Тайна опустевшего причала
Шрифт:
Так что неудивительно, что русский искал в редакции именно его.
– Послушай, он ведь и сегодня с утра пришел. – Финч посмотрел на часы. – Наверно, до сих пор в холле на диванчике сидит. Только…
Толстяк неуверенно помялся. Он старался не лезть «в политику», быть нейтральным, но такое очень плохо удавалось в атмосфере верноподданнических настроений ведущей столичной газеты. Приходилось мимикрировать. Но добрые товарищеские чувства к своему университетскому однокашнику Тойво он сохранил.
– …Только… ты как-нибудь выведи его от нас, – Финч сделал характерный жест рукой, – незаметно.
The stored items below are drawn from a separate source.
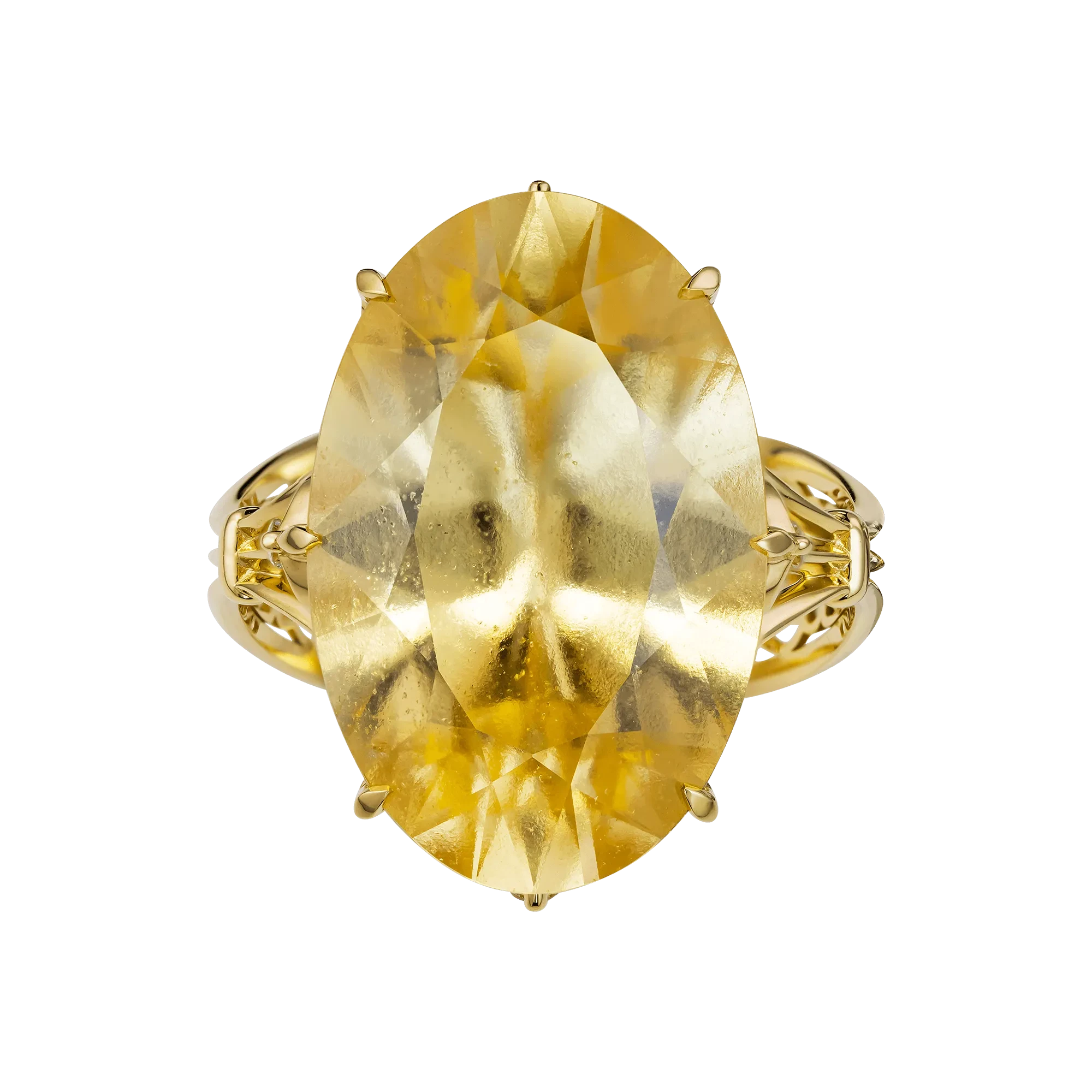 Оправа из жёлтого золота мягко обрамляет самоцвет, усиливая его природное сияние. Бриллианты, расположенные на поверхности кольца, играют роль маленьких искр, которые подчёркивают красоту драгоценного камня и создают впечатление, будто он хранит в себе целый поток солнечной энергии.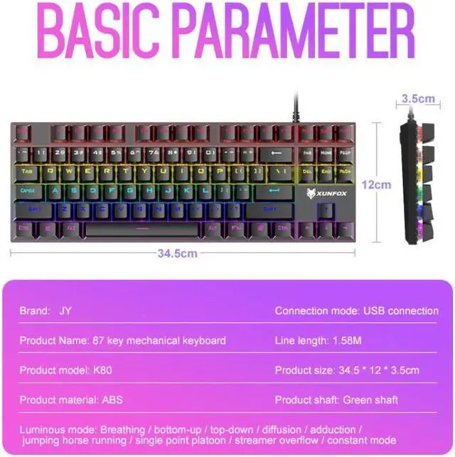 7. Lighting mode: breathing, bottom to top, top to bottom, diffusion, adduction, jumping, single point row, Ambilight, always bright mode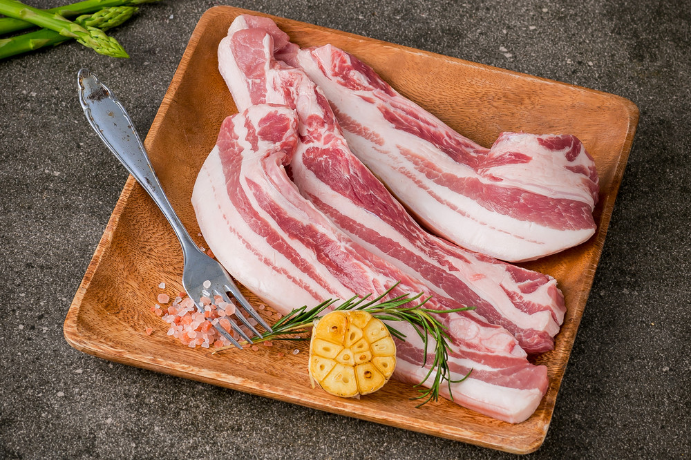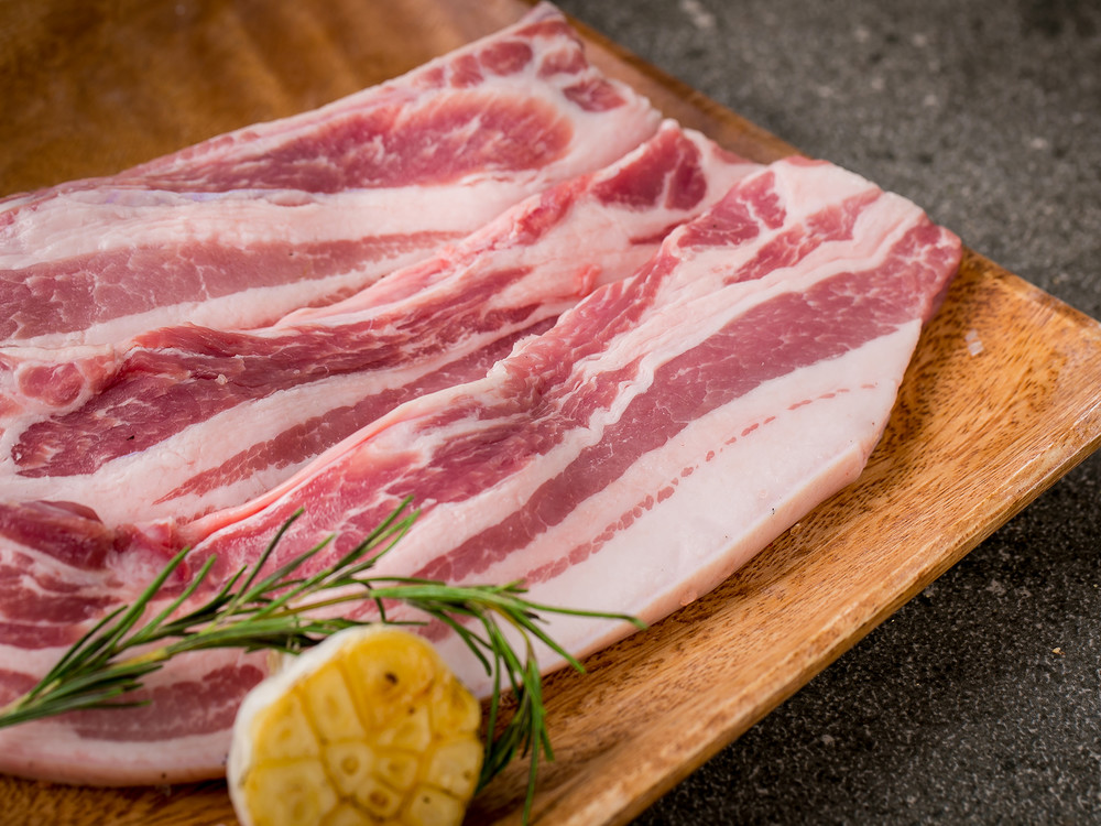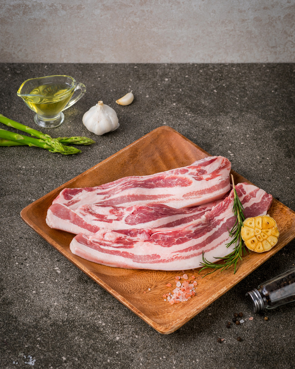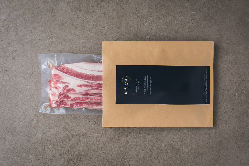 · 씹는 맛과 고소한 육즙이 최대한 느껴지도록 1.5cm 두께로 두툼하게 썰어내었다. 캠핑용, 바베큐용 고기로도 추천!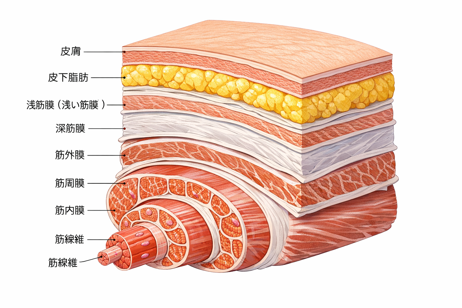 筋肉ではなく筋膜と脂肪組織の滑走障害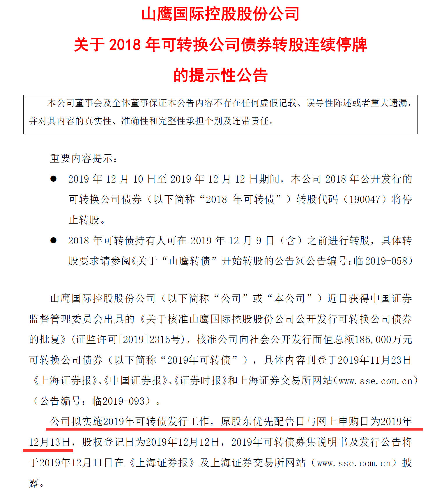 - 2019年12月5日投资提示 - A股首例,山鹰纸业同时上市两只转债?

Поговорите где-нибудь в кафе. Здесь у тебя это вряд ли получится.
Круус невесело усмехнулся и похлопал друга по плечу:
– Ладно,
Быстро закончив свои несложные финансовые дела, Тойво действительно нашел мужчину в холле редакции. Тот скромно и незаметно сидел на диване в дальнем углу. Было ему на вид лет шестьдесят. Темно-синий кримпленовый костюм без единой складочки, ослепительной белизны нейлоновая рубашка и узкий, с маленьким узлом галстук в цвет костюма были очень модными в 70-х годах прошлого столетия, а сейчас убедительно свидетельствовали о немолодом возрасте, аккуратности, педантичности и… бедности их обладателя. Тойво был готов побиться об заклад, что мужчина – бывший военный.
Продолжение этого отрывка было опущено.